Sato Takeo, Sato Shoichiro, Yamagami Hiroshi, Komatsu Teppei, Mizoguchi Tadataka, Yoshimoto Takeshi, Takagi Masahito, Ihara Masafumi, Koga Masatoshi, Iwata Hiroyoshi, Matsushima Masato, Toyoda Kazunori, Iguchi Yasuyuki
Department of Cerebrovascular Medicine, National Cerebral and Cardiovascular Center, Suita, Osaka, Japan; Department of Neurology, The Jikei University School of Medicine, Tokyo, Japan.
Department of Cerebrovascular Medicine, National Cerebral and Cardiovascular Center, Suita, Osaka, Japan.
J Neurol Sci. 2020 Jun 15;413:116814. doi: 10.1016/j.jns.2020.116814. Epub 2020 Mar 31.
To determine the predictors of unfavorable outcomes in acute minor ischemic stroke patients with large vessel occlusion.
The derivation cohort included ischemic stroke patients admitted to a comprehensive stroke center within 7 days after onset with large vessel occlusion and an initial National Institutes of Health Stroke Scale score of 5 or less. An unfavorable outcome was defined as dependency (modified Rankin Scale score of 3 to 6) at 3 months from the onset. The predictive values of factors related to an unfavorable outcome were evaluated. External validation was performed from a stroke registry of a tertiary medical center.

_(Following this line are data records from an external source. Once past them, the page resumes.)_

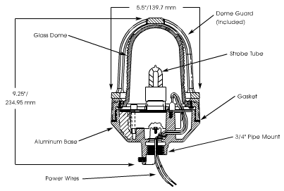 The 151XST meets Type 4X water-tight, dust-tight, and corrosion-resistant requirements; constructed to IP66. This hazardous location warning light has an aluminum base, coated for corrosion-resistance that is ready for mounting on a 3/4-inch pipe. The Dome Guard (included) fits over the glass dome to protect it against accidental collision with moving equipment, such as forklifts.
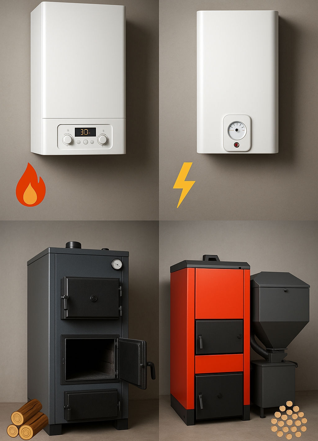 Коллаж из четырех типов котлов - газовый, электрический, твердотопливный, пеллетный
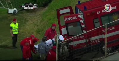 e natural seria o motorista deslocar a ambulância para uma zona plana o mais próximo possível do atleta(o estádio tem condições para isso), pois até a maca usada, não tinha condições para usar as

In the derivation cohort, 3839 consecutive patients were screened; a total of 130 patients were included. Twenty-four (18%) patients had unfavorable outcomes. In multivariate analysis, D-dimer ≥1900 μg/l (odds ratio (OR) 3.31, 95% confidence interval (CI) 1.14-9.61, p = .028) and age (OR 2.01, 95% CI 1.05-3.86, p = .035) were independently associated with an unfavorable outcome. No significant differences were observed regarding occluded vessel sites. In the validation cohort, 850 consecutive patients were screened; a total of 74 patients were included. D-dimer ≥1900 μg/l (OR 8.78, 95% CI 1.41-54.61, p = .020) was the only factor independently associated with an unfavorable outcome, as in the derivation cohort.

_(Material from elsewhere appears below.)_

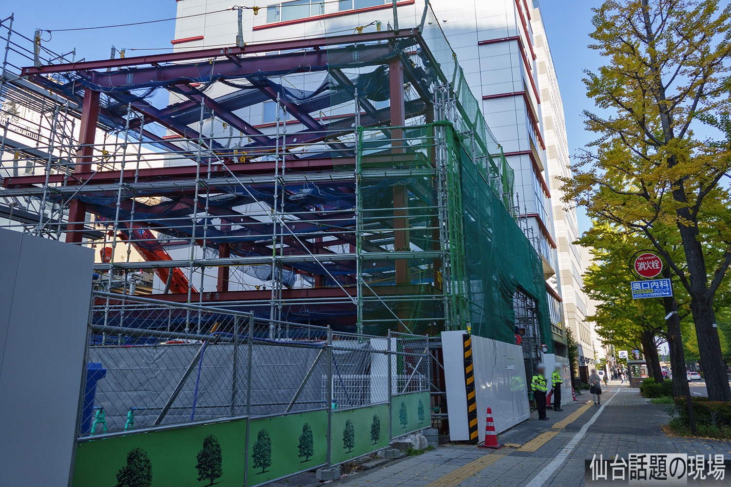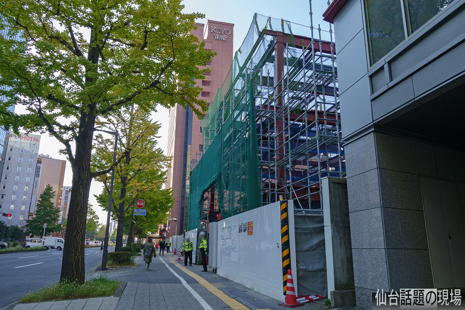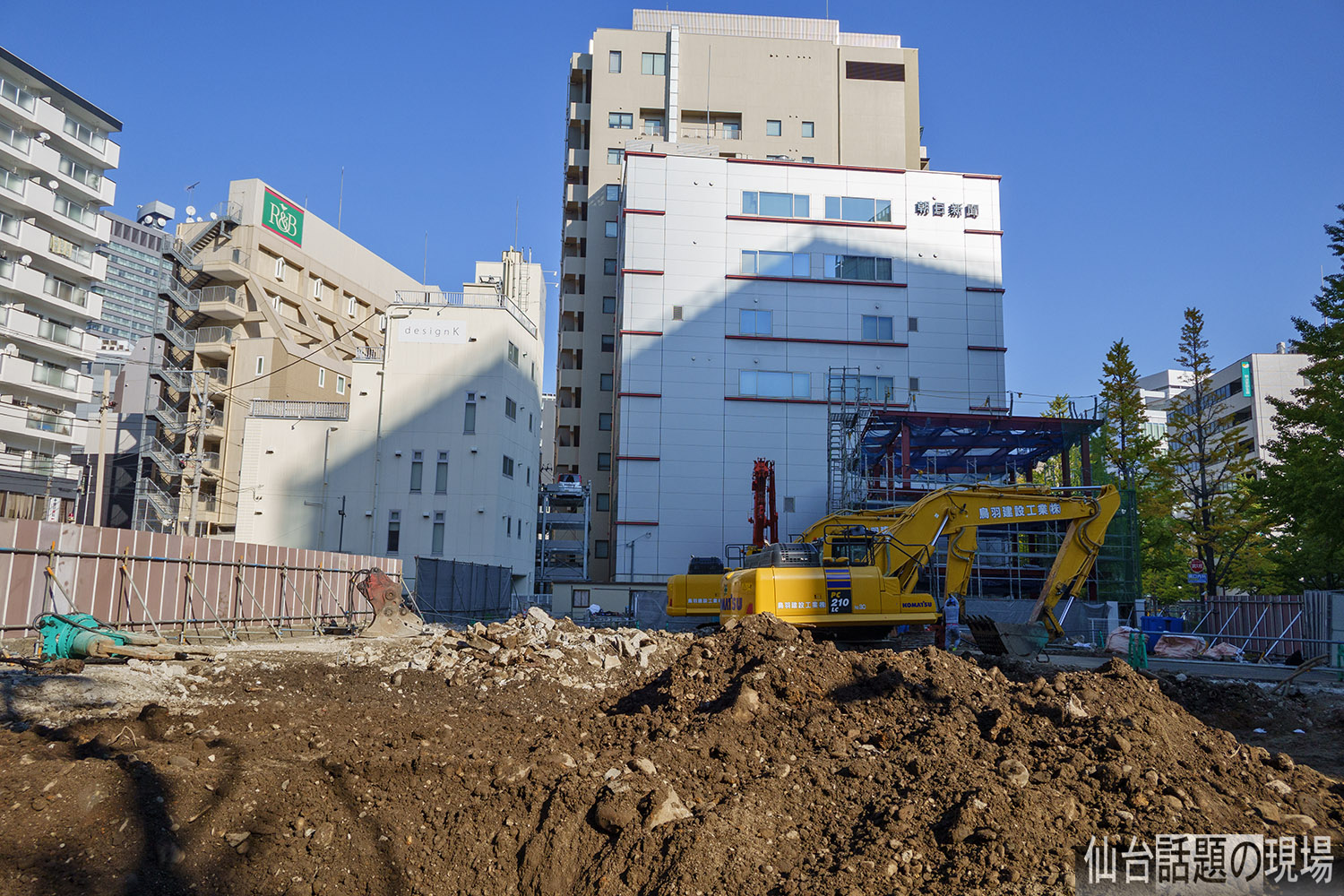 2件の建設工事現場が並んでいるのは、広瀬通と東三番丁通の交差点、北東側の場所で「江陽グランドホテル」の東側です。

A high D-dimer level on admission could help predict unfavorable outcomes in patients with a minor ischemic stroke with large vessel occlusion.
确定急性轻度缺血性卒中伴大血管闭塞患者不良预后的预测因素。
推导队列包括发病7天内入住综合卒中中心、大血管闭塞且美国国立卫生研究院卒中量表初始评分≤5分的缺血性卒中患者。不良预后定义为发病3个月时依赖(改良Rankin量表评分3至6分)。评估与不良预后相关因素的预测价值。从一家三级医疗中心的卒中登记处进行外部验证。
在推导队列中,共筛查了3839例连续患者;共纳入130例患者。24例(18%)患者预后不良。多因素分析显示,D-二聚体≥1900μg/l(比值比(OR)3.31,95%置信区间(CI)1.14 - 9.61,p = 0.028)和年龄(OR 2.01,95%CI 1.05 - 3.86,p = 0.035)与不良预后独立相关。闭塞血管部位未观察到显著差异。在验证队列中,共筛查了850例连续患者;共纳入74例患者。与推导队列一样,D-二聚体≥1900μg/l(OR 8.78,95%CI 1.41 - 54.61,p = 0.020)是与不良预后独立相关的唯一因素。
入院时D-二聚体水平升高有助于预测轻度缺血性卒中伴大血管闭塞患者的不良预后。